API Usage & Examples

OmniTensor offers a powerful API layer that enables seamless integration with existing Web2 and Web3 infrastructures. This section provides an overview of how businesses can leverage OmniTensor’s API to automate and enhance their operations through decentralized AI solutions.

Overview

The OmniTensor API enables seamless interoperability between AI services and business applications, allowing companies to incorporate AI models, inference capabilities and decentralized infrastructure into their current systems. Its modular design offers the flexibility to deploy AI-powered applications across various industries, including finance, healthcare and logistics.
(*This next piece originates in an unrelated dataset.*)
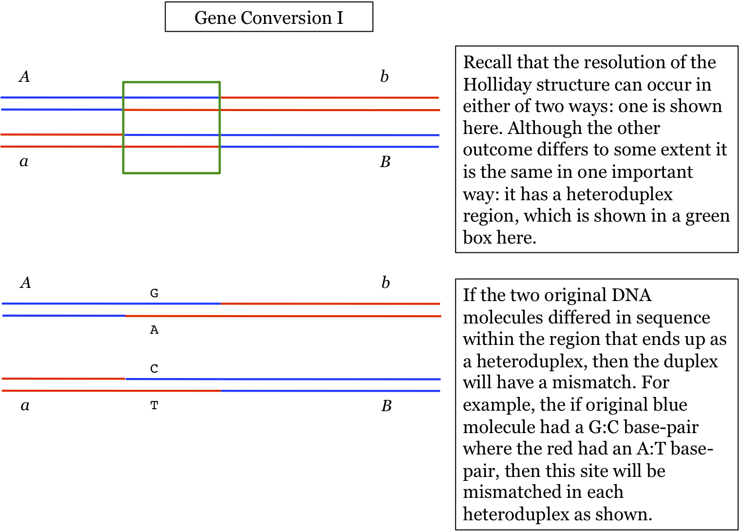 This page will cover how such a conversion occurs. It results from a combination of recombination and DNA repair. Make sure that you understand the process of formation of a Holliday Structure. Two things are critical. First, no matter how the Holliday Structure is resolved, the resulting DNA molecules have a heteroduplex region, which is a region containing one strand from one of the original DNA molecules and another strand from the second parental molecule. Second, recombination occurs between DNA molecules with similar but not necessarily exact sequences. As will be illustrated, this means that at the end of recombination, the heteroduplex region could contain mismatches. It is the repair of these mismatches that can lead to gene conversion. The process is illustrated here:

Supporting both gRPC and HTTP protocols, the API ensures high-performance communication across different environments. These protocols enable businesses to interact with OmniTensor’s decentralized AI infrastructure while maintaining the level of security and reliability essential for enterprise-grade solutions.

Core Features

  • AI Model Access Direct access to OmniTensor's pre-trained models (LLMs, Text-to-Speech, etc.), or deployment of custom AI models.

  • Decentralized Inference

    Leverage the global GPU DePIN network for scalable AI inference with real-time API calls.

  • Tokenized AI Computation

    Pay for API usage and AI computations via OMNIT tokens, offering a decentralized and cost-effective solution.

  • Data Integration

    Import business-specific data into OmniTensor’s platform for model training or use validated datasets from the community.

Example: Deploying AI Models via API

This section will showcase how a business can integrate a custom AI model using OmniTensor’s API. Below is a Python example demonstrating the interaction with OmniTensor’s inference API:

import requests

# API endpoint for OmniTensor AI Inference
url = "https://api.omnitensor.io/v1/inference"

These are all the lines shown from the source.